VANCOUVER — Ask Kevin Hanson what he finds most special about his most recent high school recruit and he instantly captures the essence of St. Thomas More Knights’ senior Zeru Abera.

“It’s a tough thing to teach anyone how to be clutch in a basketball game, especially at the end of the game, and then to succeed at it… but he has,” the longtime UBC head coach said this past Friday of the 6-foot-3 guard whose aforementioned clutch-ness seems to reveal itself each and every time the Knights find themselves in a big-game situation.
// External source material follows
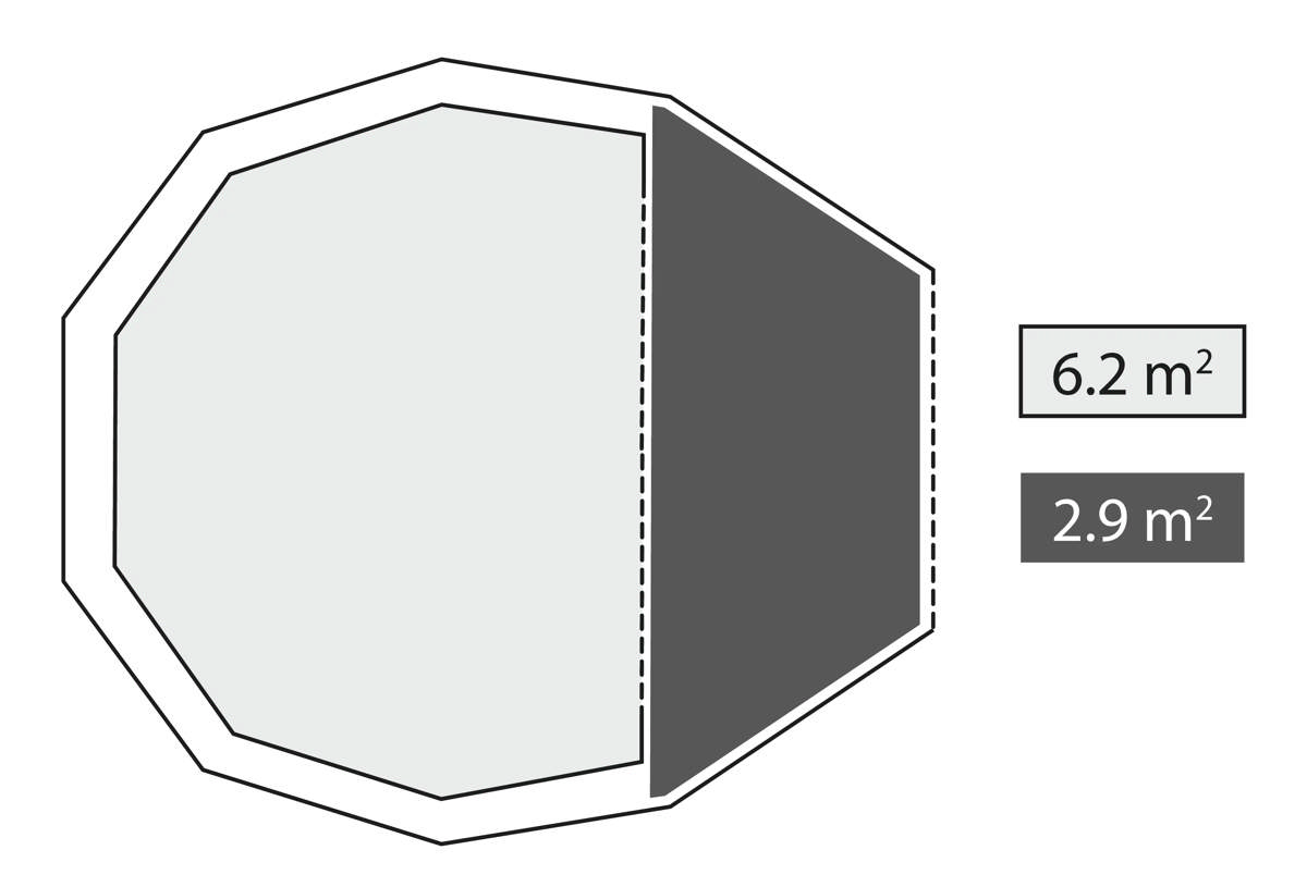 - Le mât central décalé diffère des modèles traditionnels et améliore l´espace et le confort de la tente intérieure.

“He knows he wants the ball in his hands and he also wants to be the guy that makes the stop, so I am really excited to see where he can get his game to at the post-secondary level,” continued Hanson of Abera (pronounced a-Bear-ah), who has averaged 28 points, six rebounds and five assists per game throughout a Grade 12 campaign that has just hit the post-season run to provincials for the Triple-A No. 3-ranked Knights.

“Of course I am always trying to be 100 per cent from the beginning (of a game) but when the situation is getting intense, I feel like that is when the best players have to rise to the occasion and just give that extra 10-or-20 per cent and do whatever you can,” said Abera, who had come to War Memorial Gym to watch what wound up being a scrappy 85-80 win by the ‘Birds over the UBC Okanagan Heat.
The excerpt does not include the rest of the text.